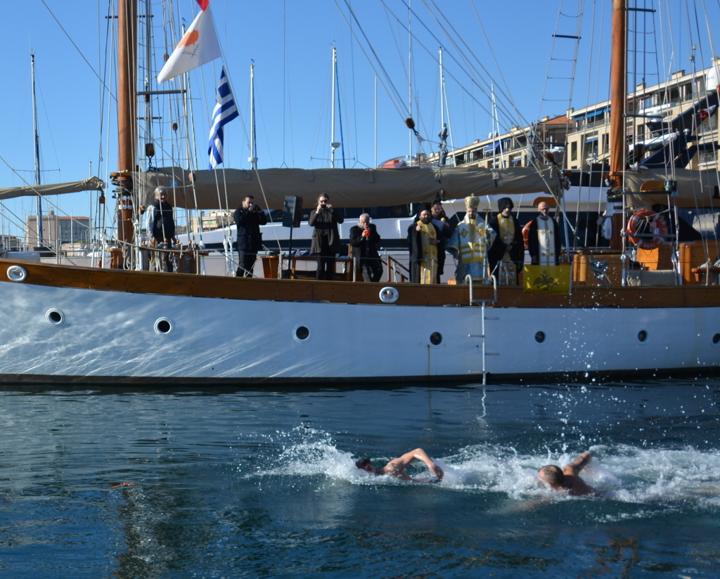 Με μεγαλοπρέπεια ετελέσθη στη Μασσαλία ο Καθαγιασμός των Υδάτων στο λιμάνι της πόλεως. Το πρωί χοροστάτησε στον Όρθρο, λειτούργησε και ετέλεσε τον Μέγα Αγιασμό ο Θεοφιλέστατος Επίσκοπος Μελιτηνής κ. Μάξιμος, συμπαραστατούμενος υπό των Αρχιμανδριτών κ. Δημητρίου Πλουμή και κ. Sébastien Garnier, καθώς και υπό του Πρεσβυτέρου π. Jean-Baptiste. Παρέστησαν οι Λιμενικές Αρχές της Μασσαλίας και εκπρόσωποι του Δήμου και των Αρχών της πόλεως.
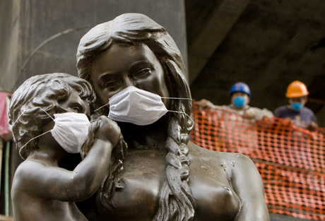 27日,為提醒人們嚴(yán)防豬流感疫情蔓延,墨西哥首都墨西哥城的一座雕塑被戴上口罩。新華社/法新 |
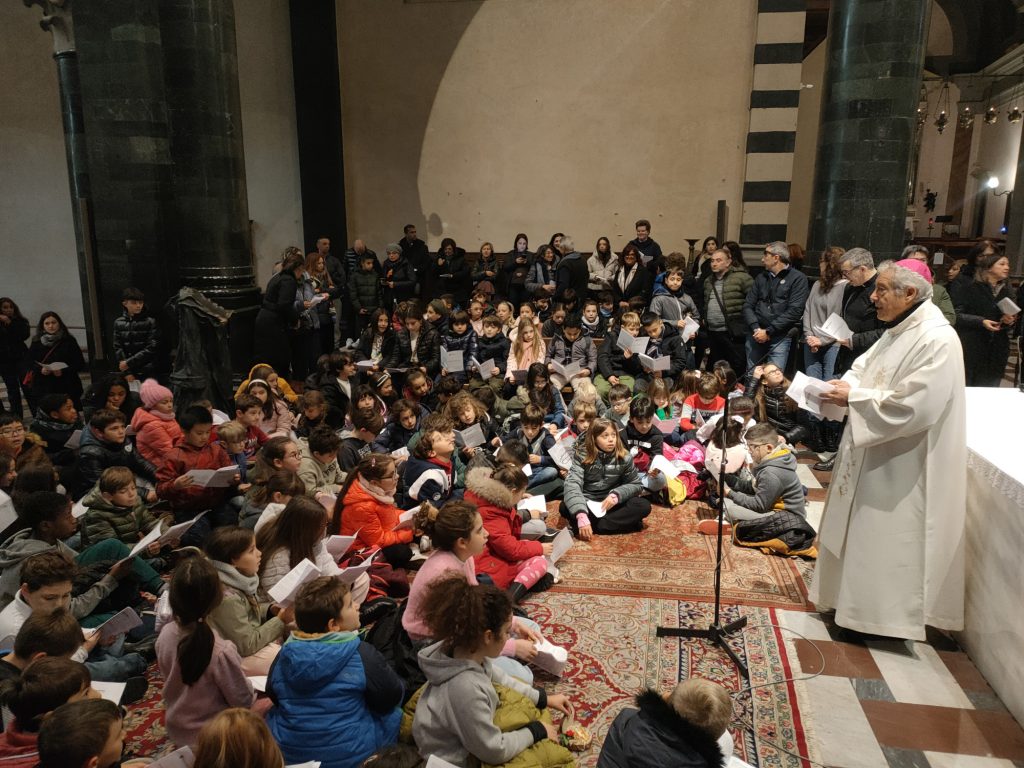 All’incontro tenuto in cattedrale questa mattina, sabato 2 dicembre, hanno partecipato moltissimi bambini e bambine provenienti da varie parrocchie della diocesi di Prato. Al termine dell’incontro il Vescovo ha benedetto le statuine del Bambinello da mettere nel presepe che ogni bimbo aveva portato con sé.

## Problem to work on
Give the data above again in full and unchanged, skipping the pictures.

## Problem solution
 Με μεγαλοπρέπεια ετελέσθη στη Μασσαλία ο Καθαγιασμός των Υδάτων στο λιμάνι της πόλεως. Το πρωί χοροστάτησε στον Όρθρο, λειτούργησε και ετέλεσε τον Μέγα Αγιασμό ο Θεοφιλέστατος Επίσκοπος Μελιτηνής κ. Μάξιμος, συμπαραστατούμενος υπό των Αρχιμανδριτών κ. Δημητρίου Πλουμή και κ. Sébastien Garnier, καθώς και υπό του Πρεσβυτέρου π. Jean-Baptiste. Παρέστησαν οι Λιμενικές Αρχές της Μασσαλίας και εκπρόσωποι του Δήμου και των Αρχών της πόλεως.
 27日,為提醒人們嚴(yán)防豬流感疫情蔓延,墨西哥首都墨西哥城的一座雕塑被戴上口罩。新華社/法新 |
 All’incontro tenuto in cattedrale questa mattina, sabato 2 dicembre, hanno partecipato moltissimi bambini e bambine provenienti da varie parrocchie della diocesi di Prato. Al termine dell’incontro il Vescovo ha benedetto le statuine del Bambinello da mettere nel presepe che ogni bimbo aveva portato con sé.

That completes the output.